# Prove that the following are irrationals :

Question : Prove that the following are irrationals :

(i)  $$1\over \sqrt{2}$$

(ii)  $$7\sqrt{5}$$

(iii)  $$6 + \sqrt{2}$$

Solution :

(i)  Let us assume, to the contrary, that $$1\over \sqrt{2}$$ is rational. That is, we can find co-prime integers p and q (q $$\ne$$ 0) such that

$$1\over \sqrt{2}$$ = $$p\over q$$  or   $$1\times \sqrt{2}\over \sqrt{2}\times \sqrt{2}$$ = $$p\over q$$ or  $$\sqrt{2}\over 2$$ = $$p\over q$$

or  $$\sqrt{2}$$ = $$2p\over q$$

Since p and q are integers $$2p\over q$$ is rational, and so $$\sqrt{2}$$ is rational.

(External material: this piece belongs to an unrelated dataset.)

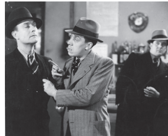
1934 UNE NUIT DE FOLLIES de Maurice Cammage avec Fernandel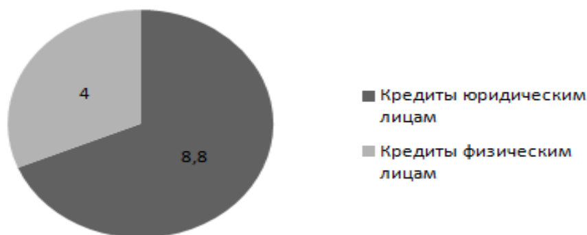
Рис. 2 – Соотношение кредитов, выданных юридическим и физическим лицам, трлн. тенге

конец 2016 года. При этом удельный вес кредитов, выданных физическим лицам снизился с 32,9% до 31,4%. В денежном эквиваленте кредиты юридическим лицам на конец 2016 года выросли на 3,6%, составив 8,8 трлн. тенге, кредиты физическим лицам снизились на 2,9% до 4,0 трлн. тенге (см. Рисунок 2) [7].

But this contradicts the fact that $$\sqrt{2}$$ is irrational.

so, we conclude that $$1\over \sqrt{2}$$ is an irrational.

(ii)  Let us assume, to the contrary, that $$7\sqrt{5}$$ is rational. That is, we can find co-prime integers p and q (q $$\ne$$ 0) such that $$7\sqrt{5}$$ = $$p\over q$$.

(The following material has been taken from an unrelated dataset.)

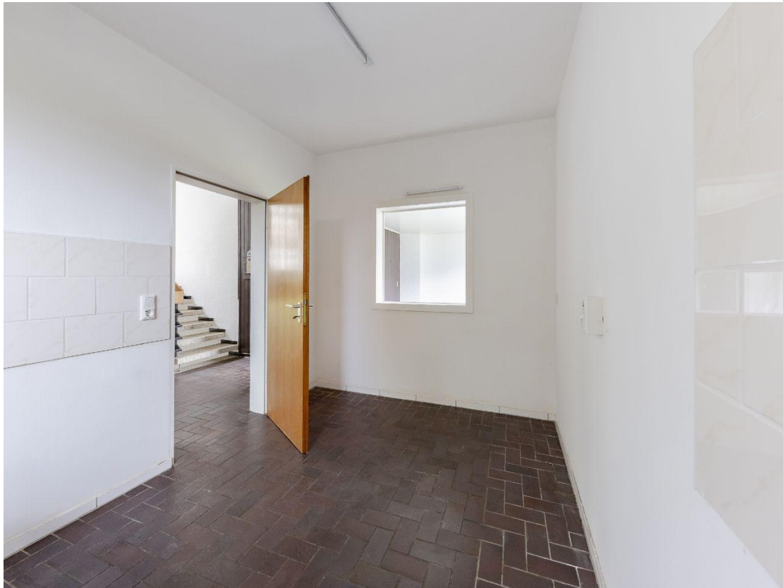
Küche - Istzustand

So,  $$\sqrt{5}$$ = $$p\over 7q$$

Since p and q are integers, $$p\over 7q$$ is rational and so is $$\sqrt{5}$$.

But this contradicts the fact that $$\sqrt{5}$$ is irrational. So, we conclude that $$7\sqrt{5}$$ is an irrational.

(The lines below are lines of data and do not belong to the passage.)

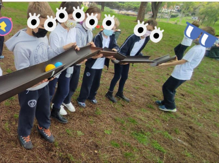
“AVVENTURE IN NATURA”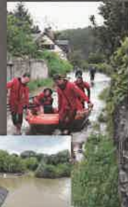
Inondations, en juin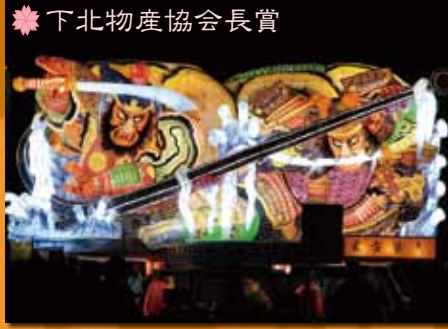
❁ 下北物産協会会長賞

(iii)  Let us assume, to the contrary, that $$6 + \sqrt{2}$$ is rational. That is, we can find co-prime integers p and q (q $$\ne$$ 0) such that

$$6 + \sqrt{2}$$ = $$p\over q$$  or   6 – $$p\over q$$ = $$\sqrt{2}$$

or  $$\sqrt{2}$$ = 6 – $$p\over q$$

Since p and q are integers, 6 – $$p\over q$$ is rational, and so $$\sqrt{2}$$ is rational.

But this contradicts the fact that $$\sqrt{2}$$ is irrational.

so, we conclude that $$6 + \sqrt{2}$$ is an irrational.